Gibraltar slams Spain over ‘fanciful’ tax claims

Authorities in Gibraltar have slammed claims by a top Spanish official that the UK-held territory costs Spain €1 billion ($1.3 billion) a year in lost tax revenues, saying the figure is "a financial flight of fancy".

Gibraltar slams Spain over 'fanciful' tax claims
Spain accuses Gibraltar of not doing enough to tackle tobacco smuggling and money laundering, arguing that the territory operates as a tax haven. Photo: Marco Moreno

"The wealth that Gibraltar enjoys cannot continue to be based solely on an economy that is clearly damaging for our country and for the European Union," said Spain's Minister for European Affairs Íñigo Méndez de Vigo in an interview with the country's conservative ABC newspaper.

"The (Spanish) tax office estimates that Gibraltar's current fiscal regimen is causing losses" close to a €1 billion ($1.3 billion) for Spain, the minister added.     

His comments come a week after the EU's anti-tax fraud agency Olaf urged Spain and the UK to tackle the issue of money laundering and tobacco smuggling in the UK territory home to just 30,000 people.

Spain accuses Gibraltar of not doing enough to tackle tobacco smuggling and money laundering, arguing that the territory operates as a tax haven.

Gibraltar has no sales tax and a 10 percent levy on company profits, well below Spain's rate of 30 percent.
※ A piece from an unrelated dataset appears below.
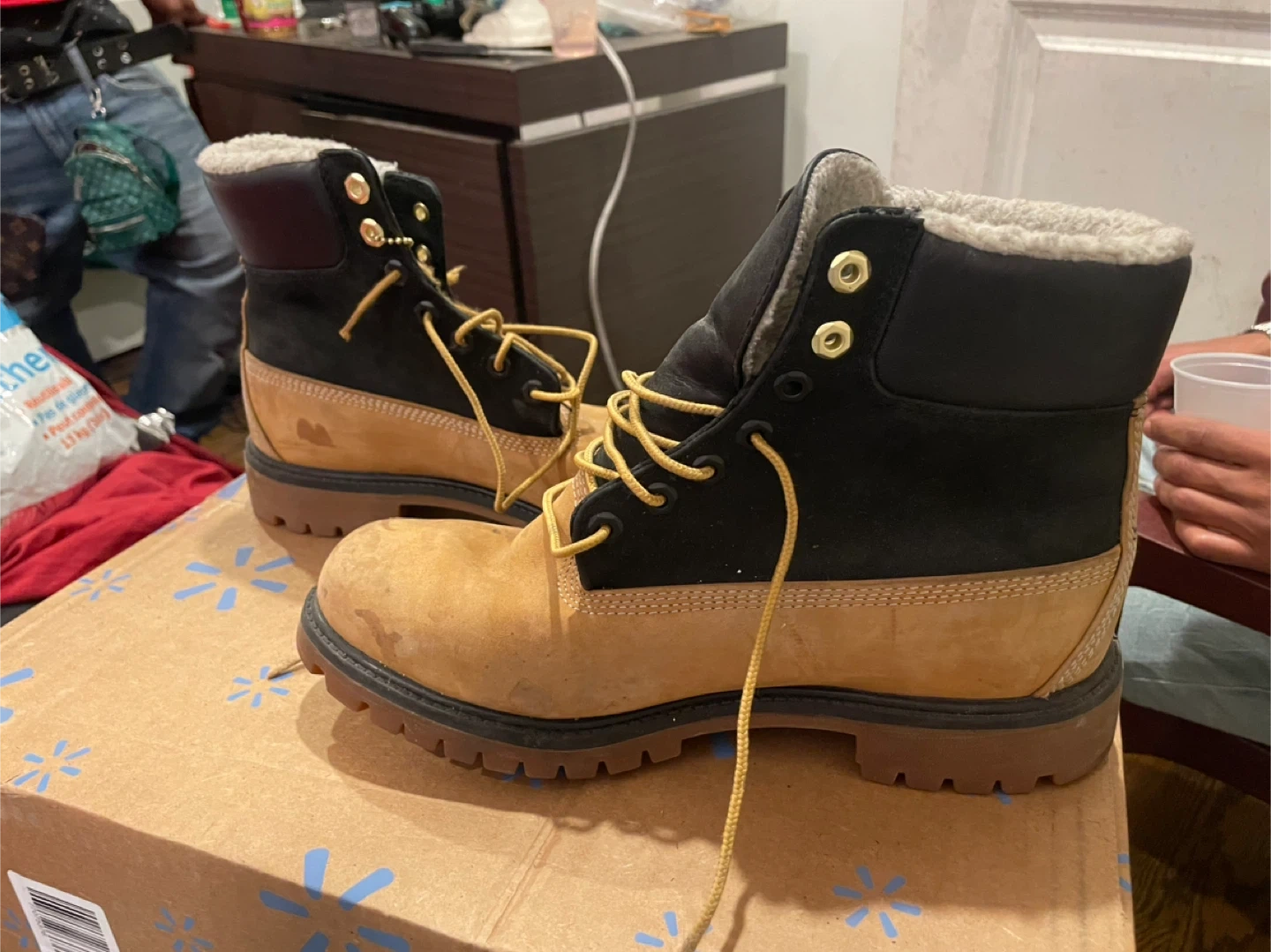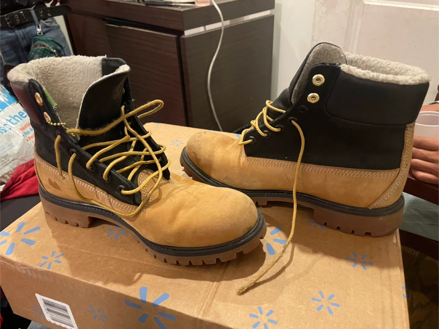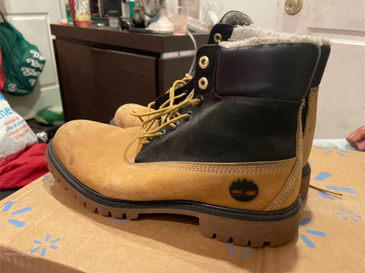 Selling a pair of Timberland waterproof leather boots! They are in good condition and ready for a new owner. These boots are a size 10 and feature a classic design with a tan and black color scheme. They are perfect for everyday wear or outdoor activities

Some 16,000 firms are officially registered in the territory, with Spain arguing many of these firms are taking advantage of advantageous tax rates.

The Olaf report backed Spanish claims that the territory's economy damaged Spain, Méndez de Vigo told ABC, saying Spain's ruling party had been attempting to address the issue since coming into power.

But Gibraltar authorities on Tuesday reacted strongly to the minister's comments.

The €1 billion figure was a "financial flight of fancy," the government was quoted as saying in a statement.

There were 15,673 active companies registered in Gibraltar, but only 66 of these had Spanish nationals living in Spain as shareholders, said the government to back up its claims.

“This helps to clearly demonstrate that Gibraltar is, unsurprisingly, not seeing significant numbers of Spanish individuals using Gibraltar’s financial services,” the statement read.

Gibraltar's government added that the territory's 2010 tax laws had been approved by the EU with only Spain holding out.

Instead of holding on to "medieval hang-ups on Gibraltar", Spain should work with the territory for the economic good of the region around The Rock, said Chief Minister Fabian Picardo.

Picardo also stressed the positive impact of Gibraltar's economy on the region.

"Apart from the jobs we already create for the region and the saving on unemployment benefits there are also the salaries that flow from Gibraltar to Spain, the social insurance set-offs, the spending of Gibraltar residents in Spain and the supply to Gibraltar businesses of goods and services," he said.

"Mendez de Vigo would therefore do better to concentrate on that sort of co-operation with Gibraltar and move on from just bashing the Rock in August, which is fast becoming one of the hallmarks of this PP (government) administration."

Relations between London and Madrid became particularly strained last year after Gibraltar dropped 70 concrete blocks into the sea in July, in what its government said was an attempt to create an artificial reef.

The move had the effect of also blocking Spanish fishing boats from operating close to the airport runway, and Madrid responded by introducing stringent border checks.

Spain has repeatedly criticized Gibraltar for failing to clamp down on its imports, and many in Spain see the UK territory with 30,000 residents as a haven for smugglers and tax evaders.